En una escena que ilustra el poder de la naturaleza para reclamar su espacio, una delicada pamplina ha logrado germinar en una grieta de la acera, al lado de un edificio vecinal. Esta pequeña planta, descendiente de otras que habitan en el cercano parque, encontró su hogar gracias a la intervención fortuita de un gorrión. El ave, que se había alimentado con semillas de pamplina, accidentalmente depositó una en la grieta. Con el tiempo, la semilla soportó el golpe de un chorro de agua, y a pesar de las inclemencias del clima, logró permanecer dormida hasta las lluvias de otoño, momento en el que despertó para echar raíces y dejar salir sus diminutos pétalos blancos en flor.

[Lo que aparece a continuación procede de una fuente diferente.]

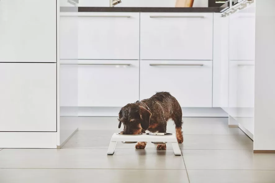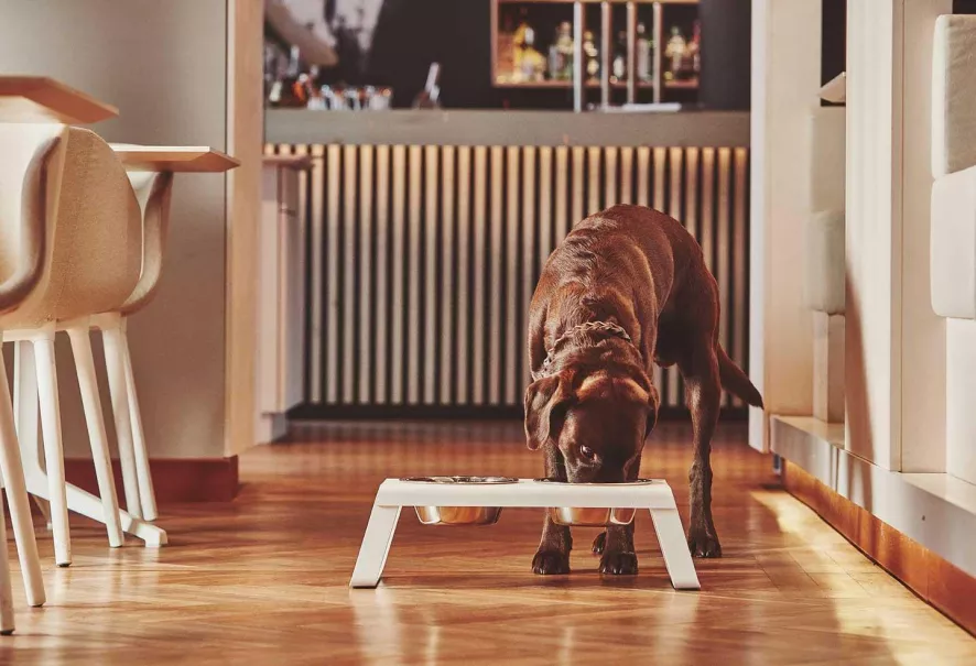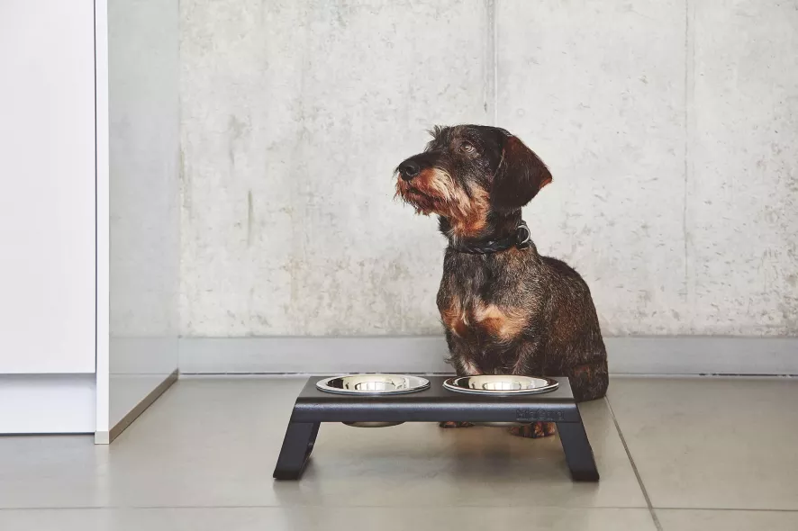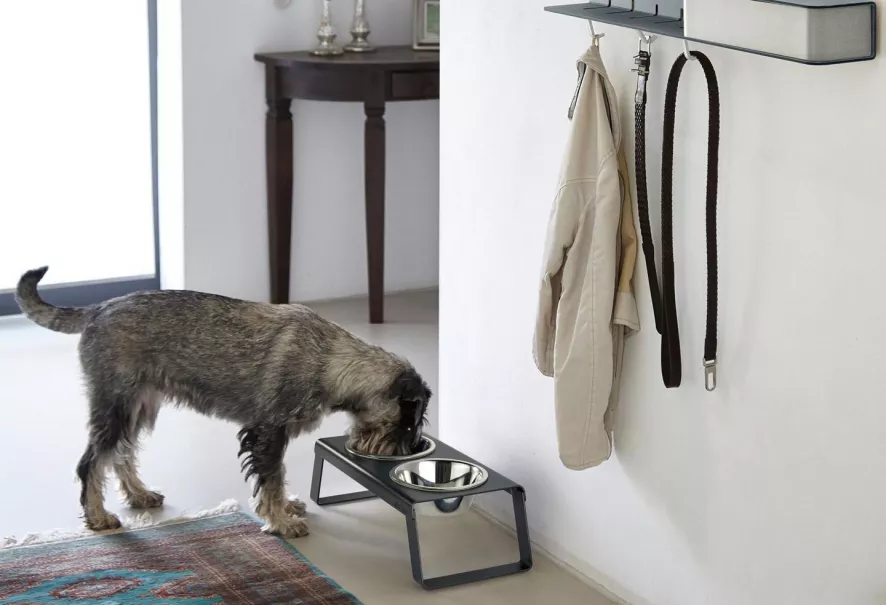 De Desco hondenvoerbak van MiaCara is een ontwerp van Mathias De Ferm. De Desco hondenvoerbak large is 78 centimeter lang, 34 centimeter breed en 24 centimeter hoog. Door siliconen aan de onderkant verschuift de bak niet maar blijft hij altijd op zijn plek. Het frame van het ontwerp is verkrijgbaar in twee verschillende materialen: multiplex of aluminium. Het aluminium is gepoedercoat in verschillende kleuren. Bij de multiplex versie heb je keuze uit walnoot of essenhout, in verschillende coatings. De bakken zijn van roestvrijstaal en hebben een inhoud van 3 liter en een diameter van 26 centimeter en kunnen gewoon in de vaatwasser.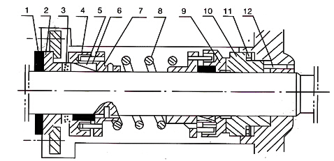 雙機(jī)械密封裝置主要由墊圈(1)內(nèi)靜環(huán)(2)動(dòng)環(huán)(3)動(dòng)環(huán)體(4)密封圈(5)(6)推環(huán)(7)彈簧(8)動(dòng)環(huán)(9)外靜環(huán)(10)靜環(huán)密封圈(11)防轉(zhuǎn)銷(12)等主要零件組成。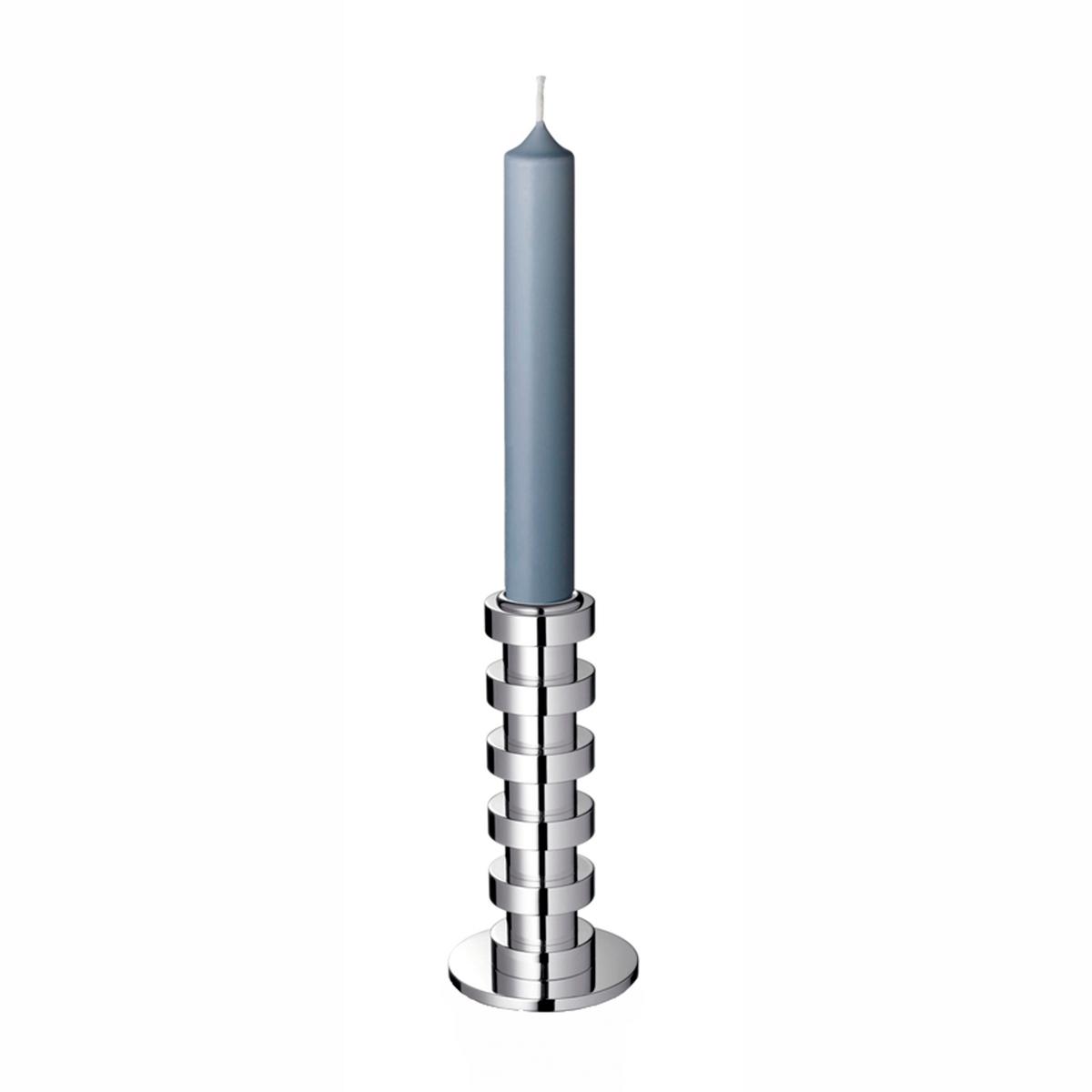 Deutlich ausgeprägte Bänder umringen die unterschiedlich hohen Zylinder der Sockel und verleihen den Kerzenleuchtern ein dominantes und klares Profil. Und das in unterschiedlichsten Ausführungen. Die französische Silberschmiede Puiforcat hat ihre Serie versilberter Kerzenhalter "Ruban" nämlich mit vier verschiedenen Leuchtern bestückt. Mal breit und gedrungen, mal schlank und höher aufragend gestaltet. Die üppigste Fassung der Kerzenleuchter lässt dabei drei Arme ausschweifen.

Acompañando a la pamplina, una hierba cana también encontró su oportunidad de vida en la misma abertura, transportada por las ventiscas de la primavera pasada. Ambas plantas, unidas por el destino, han florecido casi al unísono, tejiendo sus raíces en un pequeño ecosistema compartido con hormigas y otras diminutas formas de vida que aprovechan los limitados recursos allí disponibles. Sin embargo, como todo ciclo vital, su tiempo es breve. A medida que los jardineros barren con azada las aceras circundantes, la pamplina y la hierba cana se preparan para concluir su viaje, dejando atrás semillas que, en silencio, aguardan bajo tierra la oportunidad de contar nuevas historias y perpetuar la belleza verde en la jungla urbana.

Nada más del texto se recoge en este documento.